## DESCRIPTION OF THE TASK:
Using the material that follows, output exactly the lines from the one containing "之前使用NPD,仪器连着开了" through the one containing "从股权质押的情况上来看,截至", with both ends kept.

## MATERIALS PROVIDED:
=====

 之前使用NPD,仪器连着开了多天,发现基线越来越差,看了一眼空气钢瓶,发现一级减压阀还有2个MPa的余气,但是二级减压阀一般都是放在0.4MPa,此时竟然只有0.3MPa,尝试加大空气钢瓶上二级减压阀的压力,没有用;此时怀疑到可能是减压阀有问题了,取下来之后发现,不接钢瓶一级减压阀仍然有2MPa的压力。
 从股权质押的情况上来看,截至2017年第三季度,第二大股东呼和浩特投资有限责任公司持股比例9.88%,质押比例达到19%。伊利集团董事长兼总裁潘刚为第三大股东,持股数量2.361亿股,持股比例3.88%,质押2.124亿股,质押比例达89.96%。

=====

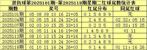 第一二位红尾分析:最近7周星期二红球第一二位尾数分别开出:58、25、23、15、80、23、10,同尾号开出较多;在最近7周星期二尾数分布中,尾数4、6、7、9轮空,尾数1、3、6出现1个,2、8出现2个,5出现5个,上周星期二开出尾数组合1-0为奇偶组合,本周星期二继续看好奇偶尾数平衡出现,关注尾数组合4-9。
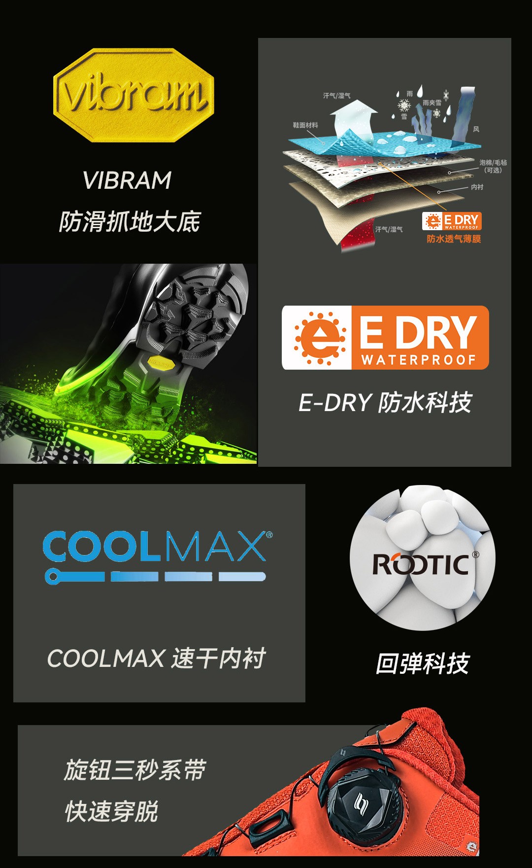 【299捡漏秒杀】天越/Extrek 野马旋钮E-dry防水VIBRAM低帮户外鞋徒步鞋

=====

## WRITTEN RESPONSE:
 之前使用NPD,仪器连着开了多天,发现基线越来越差,看了一眼空气钢瓶,发现一级减压阀还有2个MPa的余气,但是二级减压阀一般都是放在0.4MPa,此时竟然只有0.3MPa,尝试加大空气钢瓶上二级减压阀的压力,没有用;此时怀疑到可能是减压阀有问题了,取下来之后发现,不接钢瓶一级减压阀仍然有2MPa的压力。
 从股权质押的情况上来看,截至2017年第三季度,第二大股东呼和浩特投资有限责任公司持股比例9.88%,质押比例达到19%。伊利集团董事长兼总裁潘刚为第三大股东,持股数量2.361亿股,持股比例3.88%,质押2.124亿股,质押比例达89.96%。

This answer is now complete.